As economic transformations go, the change in how the world gets its energy and uses resources in the next 20 to 30 years will be nothing less than a new industrial revolution. It’s certainly the most dramatic change Worley Ltd chair John Grill AO has seen in more than 50 years in the business. And for an engineer, a person of few words, he says it’s exciting. “The world doesn’t yet understand the scope of the work required if any country is going to get emissions-free by 2050,” Grill tells Company Director in a rare interview.

Worley — the Australian-grown global provider of professional project and asset services in the energy, chemicals and resources sectors — is in the middle of a strategic transition for the decades ahead. Independent of the science, which Grill accepts, he says the transition to a lower carbon is likely to be a positive.

“There’s no argument we are going to have a much cleaner society to go down the zero emissions route,” says Grill. “It’s an evolution that is helping mankind in many different ways and we’ll end up with a better result.”

The push to net zero is gathering momentum, with some of the world’s most influential economies naming explicit targets to achieve net zero carbon emissions, according to the UK’s Energy and Climate Intelligence Unit. Many companies across major listed markets are now doing likewise.

The scope and cost will run into trillions over decades. It will require rebuilding and retooling the entire national energy infrastructure, creating new industries and change across multiple economic sectors and unprecedented rates of deployment of significant scale and complexity, says Grill, citing researchers at Princeton’s Net Zero America project who are mapping how the targets become reality.

It’s energy — and more

The company is responding to four forces reshaping business and society — climate change, the energy transition, circular economy principles and rapidly rising data utilisation and automation. “We think we know in what direction the industries we’re involved with are heading so we’re doing our best to stay ahead of that direction,” says Grill. “We’re singing to the choir. It’s what our people want to be doing and investors are putting pressure on also.”

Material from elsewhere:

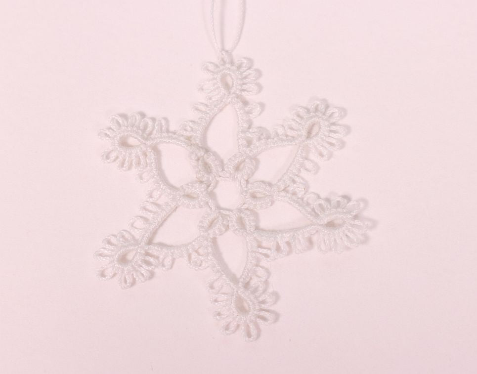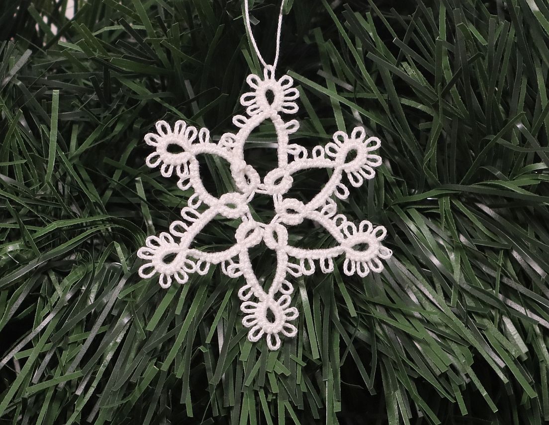This is a snowflake ornament that I made with tatting or tatted lace.  Tatting is a "lost art" that I learned from my Granny.  It is time consuming and the finished result may appear delicate, but they are actually quite durable.

In April 2019, Worley completed the US$3.2b acquisition of the energy, chemicals and resources division of Jacobs Engineering Group Inc, subsequently rebranding to Worley Ltd. For a company that has long grown as a serial acquirer, this was its biggest merger. The company now has more than 48,000 employees in 49 countries with 21,000 current projects.

Aside from its geographic market benefits, the deal made by Worley was an opex versus capex play. It increased revenue derived from customers’ operating expenditures (now around 45 per cent of total revenue), which tend to be less variable during industry downturn, while lowering its exposure to upstream and midstream oil and gas capital expenditure sectors (now around 20 per cent) and boosted its business in the less cyclical chemicals sector. Five years ago, the company made most of its money from working with big oil and gas companies.

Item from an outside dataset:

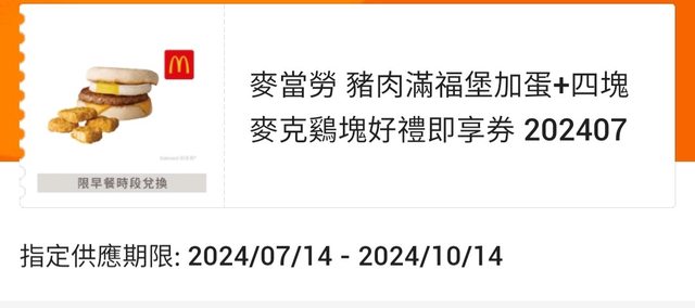 1.麥當勞豬肉滿福堡加蛋+4塊雞塊

It’s the culmination of a life’s work for Grill and a time of operational and organisational renewal for CEO Chris Ashton MAICD, who, in February 2020, succeeded CEO of seven years Andrew Wood.

Born in 1945, in the Sydney suburb of Bondi Junction, Grill started his career at Esso Australia before becoming CEO of engineering services firm Wholohan Grill and Partners in 1971. This company acquired US-based Worley Engineering in 1987, listed in 2002 and then acquired US services company Parsons E&C Corporation in 2004, becoming WorleyParsons.

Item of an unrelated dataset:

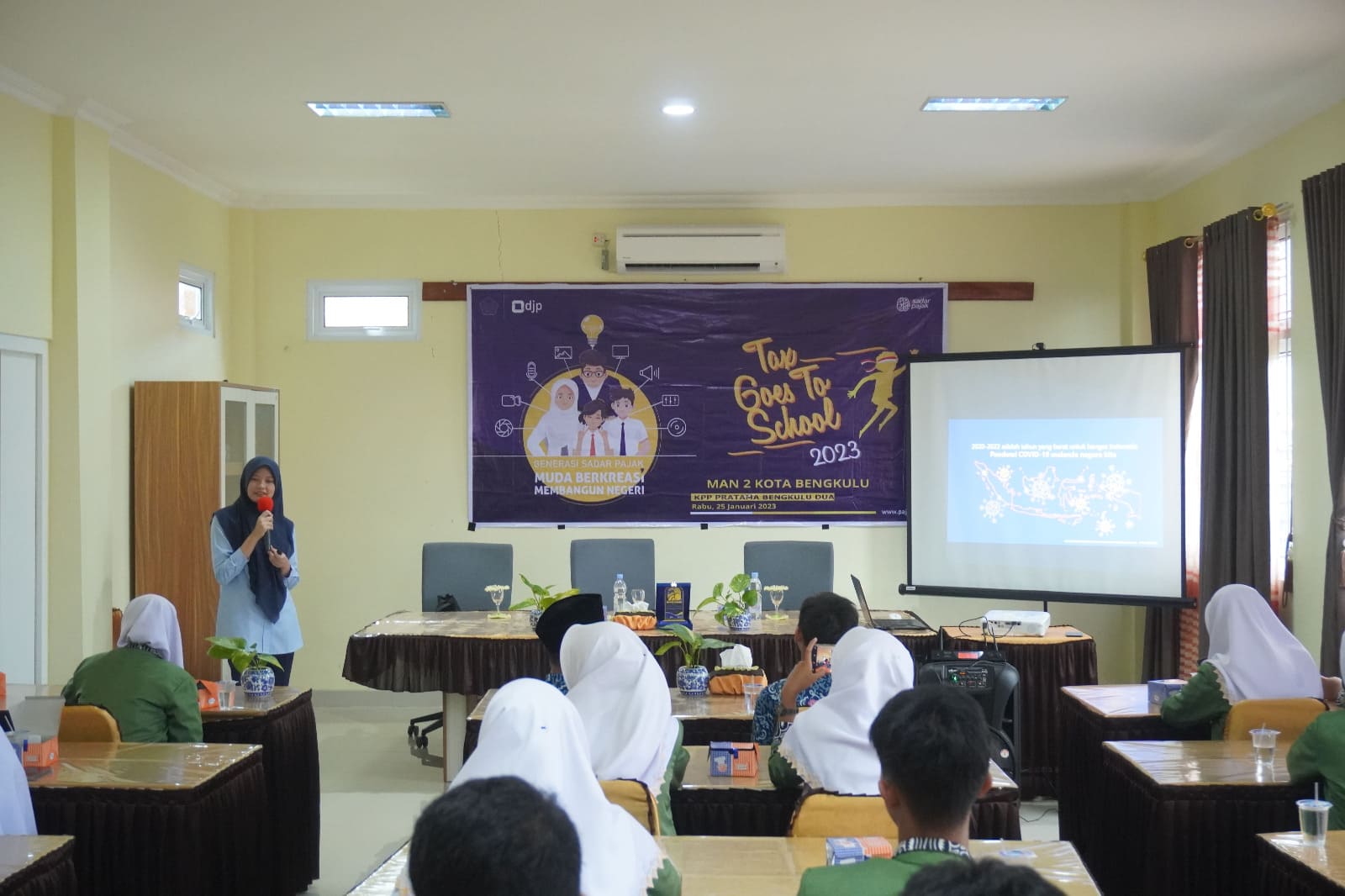 Di MTsN 1 Kota Bengkulu, materi pengenalan perpajakan disampaikan oleh Priska Inggraina, pelaksana Seksi Subbagian Umum dan Kepatuhan Internal. Sedangkan pemateri di MAN 2 Kota Bengkulu adalah Afifah Nadhilah, pelaksana Seksi Pelayanan.

Ashton joined Parsons E&C in 1998, which was acquired by WorleyParsons in 2004. He grew up in the northern English city of Sunderland and left school at 16. “My background is not linear,” he reflects. Ashton worked his way from shipyard to a degree in electrical and electronics engineering. Later, he studied an MBA at Cranfield School of Management and in the executive management program at Harvard Business School.

Temperamentally, chair and CEO are very different. Grill is a classic under-the-radar person of few words. Ashton, who has been working from his home in Houston, is more outgoing. He loves a chat and is passionate about leadership.

Unknown to the chair, his early recognition of Ashton’s work made a big impact. “I remember in 2006 getting a call,” recalls Ashton. “‘Hey Chris, it’s John Grill.’ He had called to give me some recognition.” Grill doesn’t remember the call, but Ashton does. “I’ve carried with me that he had time to call and still remember how that made me feel.”

 

New energy solutions

Integration essentials

By Grill’s count, Worley has conducted around 30 to 40 (mostly smaller) acquisitions, strategically building the global business.

“I’m always surprised when people say they have this grand plan,” he says. “It happened in multiple little steps, when we brought the pieces together.” Grill notes the key to a successful merger is disciplined project management. “We’ve made all the mistakes we needed to make to get to the structure we’ve got.”

“This will be an extraordinarily difficult challenge, but we are giving it our best shot.” John Grill AOM

Board matters

After stepping down as CEO in 2012, Grill had a few months break, (during which he and his wife studied French in France) before coming in as chair.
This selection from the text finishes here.